> _TO DO_
Begin at the line below that holds "Àִ Ưº°ÇÑ ±¤¾ç¾ß°æ½ÃƼÅõ¾î¸¦ ¿î¿µÇÑ´Ù°í ¹àÇû´Ù." and end at the line that holds "Organisateur de cabinet", transcribing each line exactly and skipping any picture.

> _EXERCISE DATA_
==*==

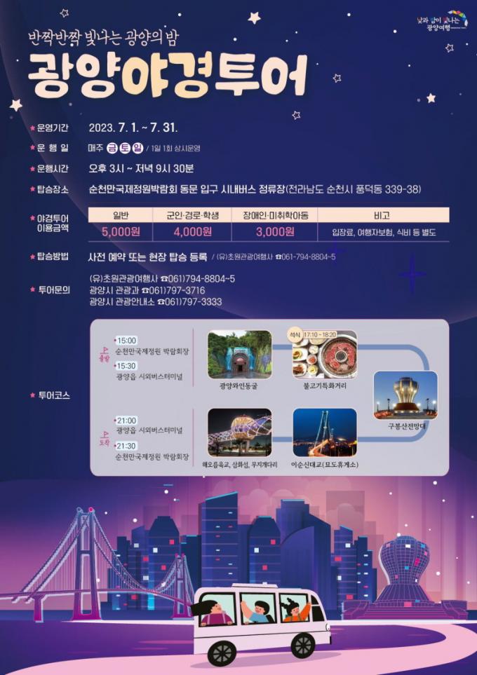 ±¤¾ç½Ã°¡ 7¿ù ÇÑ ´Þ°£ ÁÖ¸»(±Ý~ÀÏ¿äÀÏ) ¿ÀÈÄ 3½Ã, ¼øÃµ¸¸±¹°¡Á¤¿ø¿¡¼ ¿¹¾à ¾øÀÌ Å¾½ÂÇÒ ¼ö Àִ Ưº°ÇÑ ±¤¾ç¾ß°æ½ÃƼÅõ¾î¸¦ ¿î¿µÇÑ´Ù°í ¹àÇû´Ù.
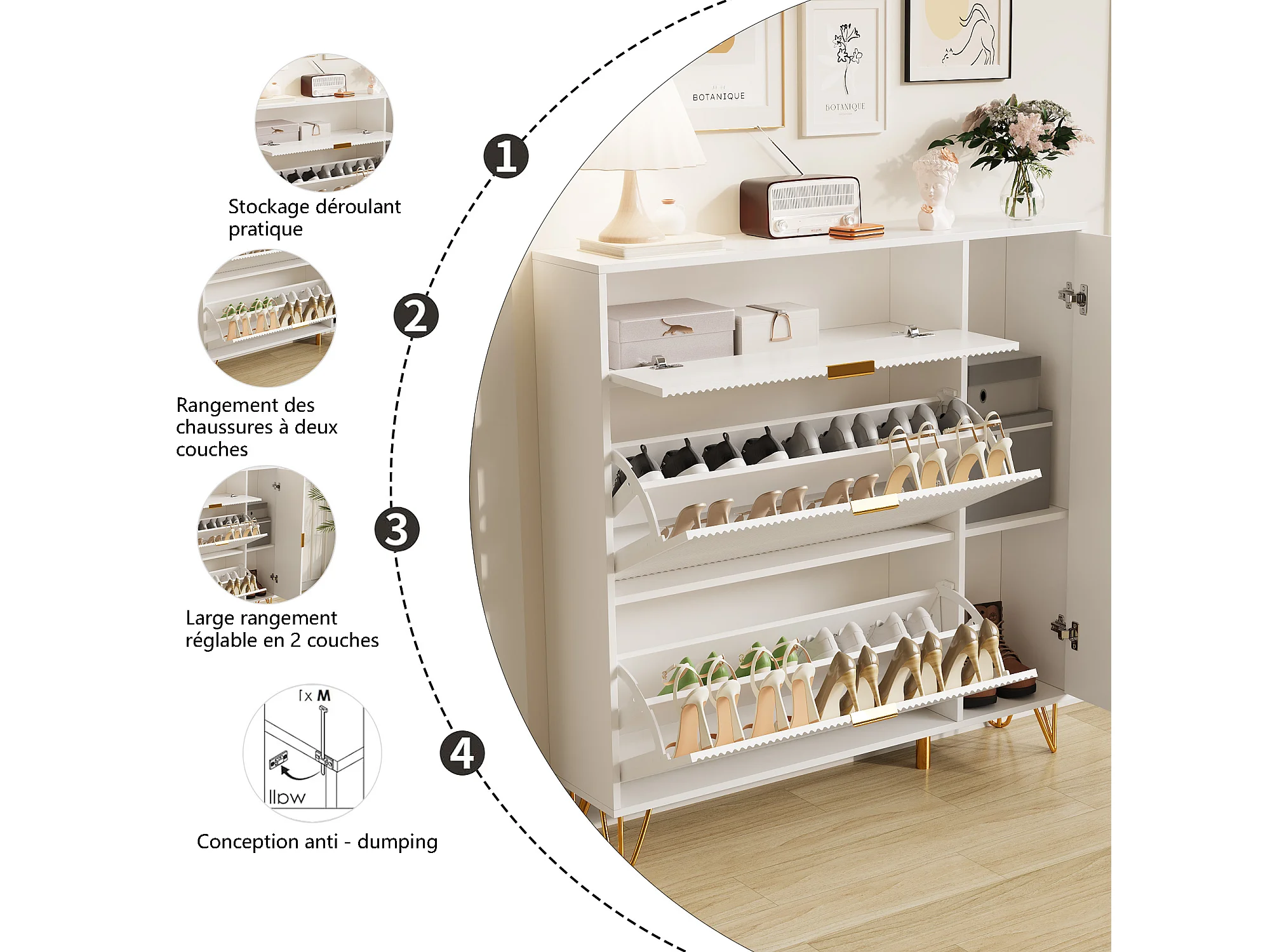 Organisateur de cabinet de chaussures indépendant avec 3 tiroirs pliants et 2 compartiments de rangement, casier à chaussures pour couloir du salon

==*==

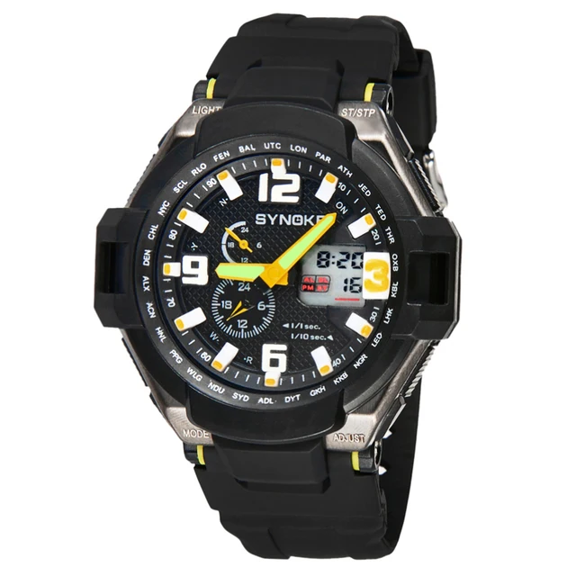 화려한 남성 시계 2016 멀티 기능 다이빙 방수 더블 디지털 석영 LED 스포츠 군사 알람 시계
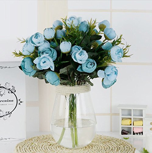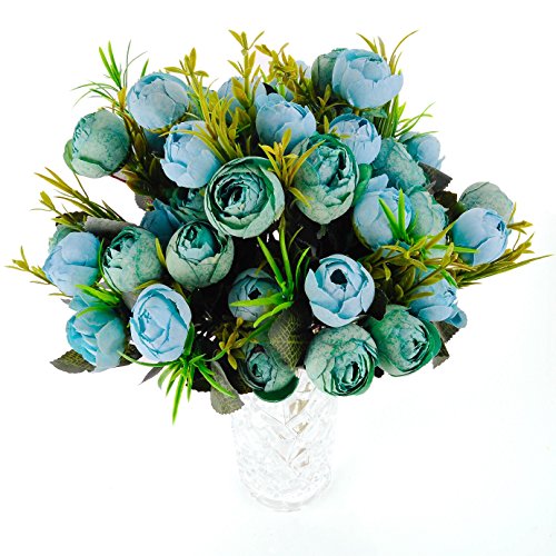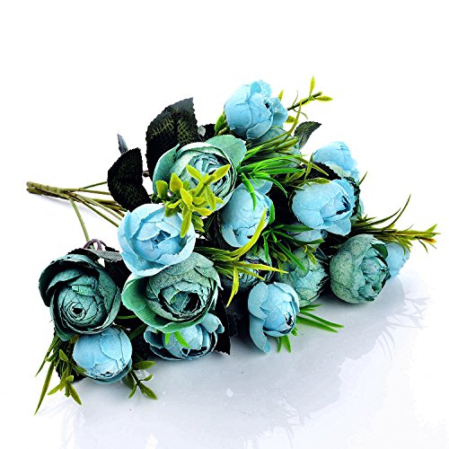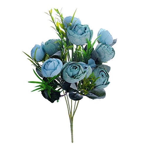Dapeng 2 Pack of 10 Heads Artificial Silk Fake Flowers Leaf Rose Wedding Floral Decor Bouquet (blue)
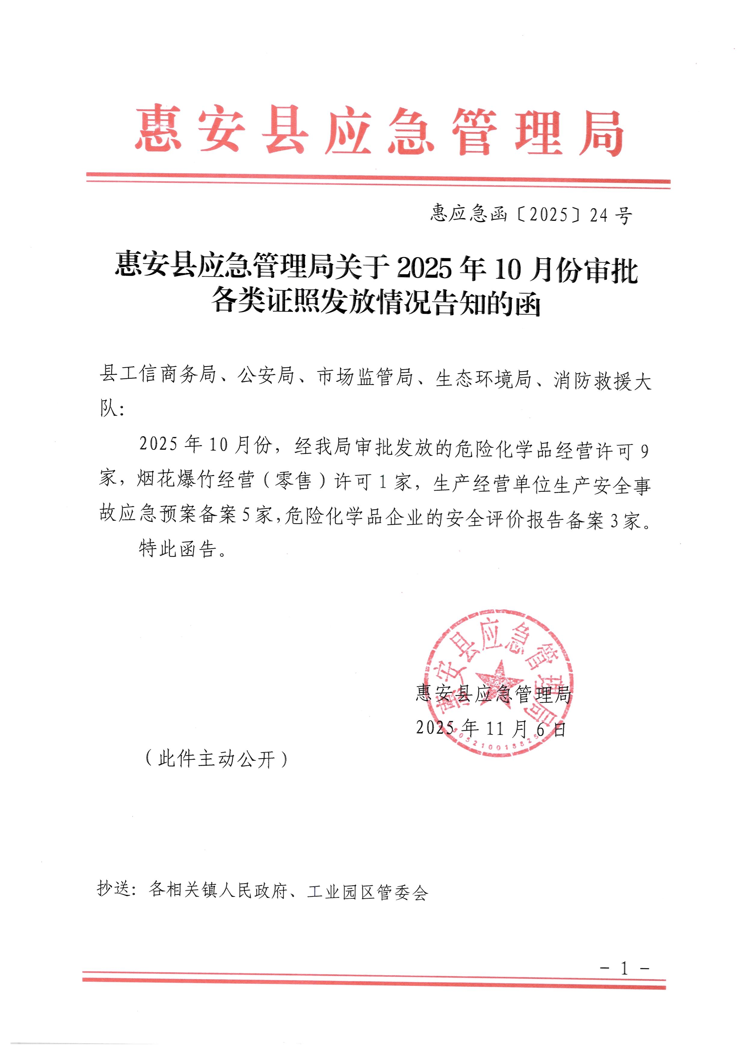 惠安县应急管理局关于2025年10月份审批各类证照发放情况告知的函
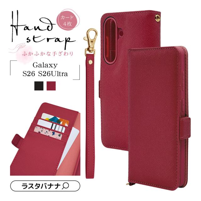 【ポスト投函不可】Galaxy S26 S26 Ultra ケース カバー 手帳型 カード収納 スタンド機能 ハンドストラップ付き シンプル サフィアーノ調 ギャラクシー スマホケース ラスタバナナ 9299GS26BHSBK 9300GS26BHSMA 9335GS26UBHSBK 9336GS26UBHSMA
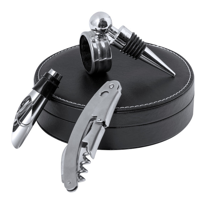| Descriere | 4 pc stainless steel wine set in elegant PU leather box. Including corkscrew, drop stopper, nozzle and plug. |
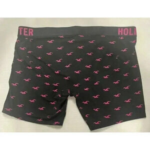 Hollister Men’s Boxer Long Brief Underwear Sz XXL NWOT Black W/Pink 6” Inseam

==*==

> _WRITTEN ANSWER_
 ±¤¾ç½Ã°¡ 7¿ù ÇÑ ´Þ°£ ÁÖ¸»(±Ý~ÀÏ¿äÀÏ) ¿ÀÈÄ 3½Ã, ¼øÃµ¸¸±¹°¡Á¤¿ø¿¡¼ ¿¹¾à ¾øÀÌ Å¾½ÂÇÒ ¼ö Àִ Ưº°ÇÑ ±¤¾ç¾ß°æ½ÃƼÅõ¾î¸¦ ¿î¿µÇÑ´Ù°í ¹àÇû´Ù.
 Organisateur de cabinet de chaussures indépendant avec 3 tiroirs pliants et 2 compartiments de rangement, casier à chaussures pour couloir du salon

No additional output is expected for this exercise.